И когда он наконец протягивает мне ключи, я просто чуть не плачу. Спасибо вам, говорю, огромное. Ну что вы, отвечает, это вы как клиент извините нас за причиненное беспокойство. И виновато наклоняет свою умную голову и ногой шаркает со страшной интеллигентностью. Я спрашиваю: может быть, возьмете немного денег? Тут он даже руками на меня замахал.
Тогда я говорю ему: можно ли для интересу узнать, как вас зовут? Он весь запунцовел и отвечает: Степан. Я говорю: вот за такими, как вы, Степан, будущее нашей многострадальной страны. Он скромно эдак потупился и тихо отвечает: я знаю.
Я тогда на всякий случай спрашиваю еще раз: может, все-таки возьмете денег, Степан? Тут он совсем уж сильно потупился и говорит: ну хорошо. Я возьму ваши деньги, чтобы вас не обидеть… Строго по прейскуранту. По семьсот за железку.
Я, конечно, удивился. Как, говорю, семьсот? Утром было пятьсот! Он говорит: так то ж утром… И довольно тяжело вздыхает, явно горюя о трудностях на пути реформ.
Я отдал ему деньги и, ласково попрощавшись за руку, заторопился домой.
Я шел, размышляя о высоких свойствах человеческой души. О том, какие образованные люди трудятся у нас теперь в неприметных ларьках у метро, своим примером создавая новые, культурные отношения между клиентом и работником сервиса…
Вот только дверь опять не открывалась. То есть буквально ни одним ключом, даже соседским. Я думаю, этот Степан ненароком перепилил его, когда про Рериха рассказывал.
Ну, Рерих Рерихом, а сосед мне потом по рылу съездил два раза при свидетелях.
Вы, конечно, спросите, граждане, в чем мораль данного произведения? Против чего направлено жало этой художественной сатиры?
Жало, положим, направлено против темноты и бескультурья. А мораль такая, что народ стал гораздо грамотнее. Не то что при коммунистах. При коммунистах небось ему, Степану этому, выдали бы по фунту перцу и за Рериха, и за Блавацкую… За воскрешение мертвых, допустим, вообще бы из Москвы уехал к чертям собачьим.

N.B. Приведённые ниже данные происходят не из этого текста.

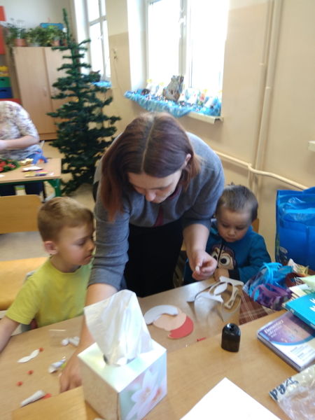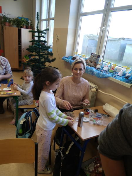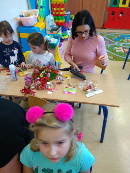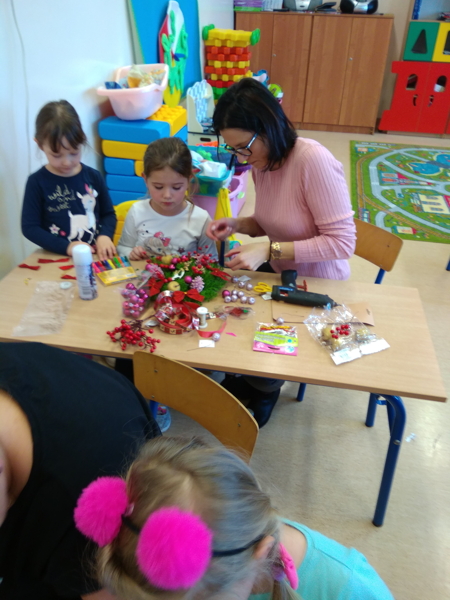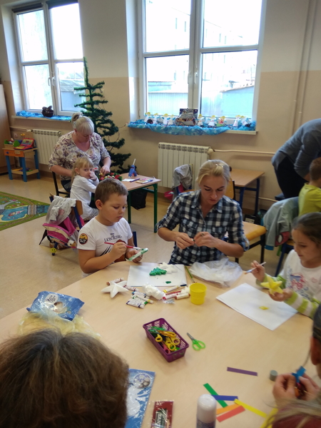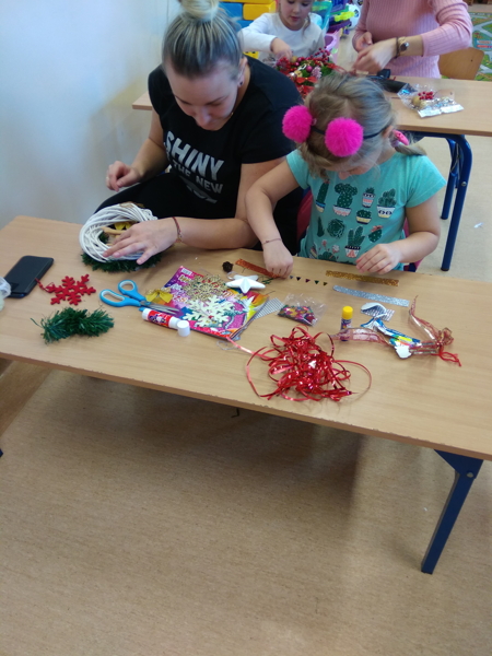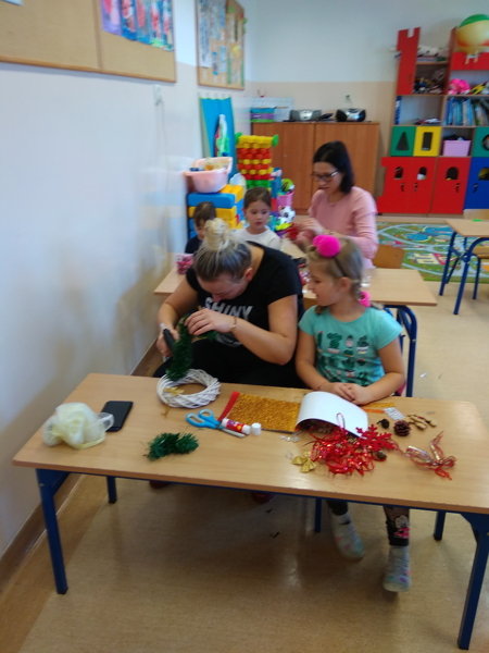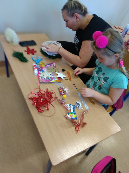 Przedszkolaki z rodzicami wykonali ozdoby świąteczne

А теперь — философствуй совершенно свободно!
И очень даже просто.
Предрассудок[27]
Ляпнул какой-то древний итальянец: мол, о мертвых либо хорошо, либо ничего…
Хоронили мы Колдомуева Степана Петровича. Все чин-чинарем — гроб, венок, вдова… Народ с гвоздиками подтягивается, некоторые уже тяпнули с утра по случаю. Погода отличная, работать все равно неохота — чего ж не похоронить человека?
Мы стоим, Колдомуев лежит, всем хорошо. Вдова сияет, как антрацит. Толик анекдот рассказал… Уже бы накрывать Колдомуева и вниз, чего ему тут зря лежать, он и когда живой был, анекдотов не понимал, — вдруг Шишкин возьми да брякни:
— Панихиду объявляю открытой.
Полжизни, собака, в профкоме провел, никак не отвыкнет.
Никто говорить-то не хотел, а тут неудобно. Вдова приосанилась, ждет; все напряглись. Тут бы Шишкину сказать для снятия напряжения, что, мол, пошутил, да не тут-то было!
— Слово, — говорит, — для прощания предоставляется другу покойного Муковозову Николай Иванычу.